* **Problem**: In the records below, begin at the line containing "Vài giây sau, một" and end at the line containing "Concept of focus"; quote every line in that span exactly, including both boundary lines, and no others.

##### Extracted material #####

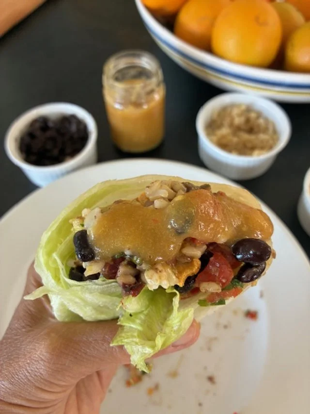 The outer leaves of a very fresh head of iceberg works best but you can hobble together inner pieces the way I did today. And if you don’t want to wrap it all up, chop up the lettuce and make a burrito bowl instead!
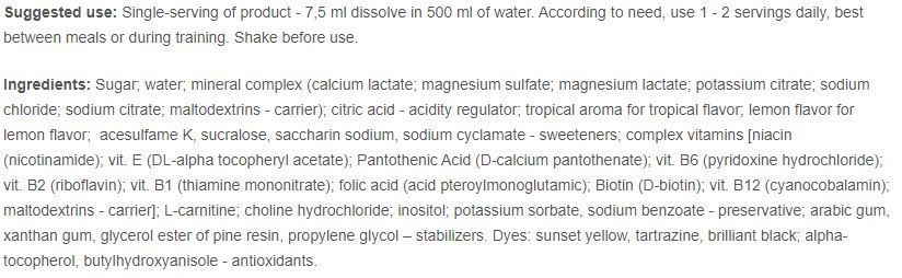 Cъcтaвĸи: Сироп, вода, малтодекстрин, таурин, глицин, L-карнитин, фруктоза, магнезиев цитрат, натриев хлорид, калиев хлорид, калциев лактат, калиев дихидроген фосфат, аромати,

#####
##### Extracted material #####

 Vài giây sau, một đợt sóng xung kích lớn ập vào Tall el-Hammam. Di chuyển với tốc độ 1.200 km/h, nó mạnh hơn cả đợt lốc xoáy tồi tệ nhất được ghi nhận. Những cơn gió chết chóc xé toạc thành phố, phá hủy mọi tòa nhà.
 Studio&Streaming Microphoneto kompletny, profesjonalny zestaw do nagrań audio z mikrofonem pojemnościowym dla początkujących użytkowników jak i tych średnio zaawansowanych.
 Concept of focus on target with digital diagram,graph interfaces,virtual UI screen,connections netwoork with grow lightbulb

#####

* **Answer space**:
 Vài giây sau, một đợt sóng xung kích lớn ập vào Tall el-Hammam. Di chuyển với tốc độ 1.200 km/h, nó mạnh hơn cả đợt lốc xoáy tồi tệ nhất được ghi nhận. Những cơn gió chết chóc xé toạc thành phố, phá hủy mọi tòa nhà.
 Studio&Streaming Microphoneto kompletny, profesjonalny zestaw do nagrań audio z mikrofonem pojemnościowym dla początkujących użytkowników jak i tych średnio zaawansowanych.
 Concept of focus on target with digital diagram,graph interfaces,virtual UI screen,connections netwoork with grow lightbulb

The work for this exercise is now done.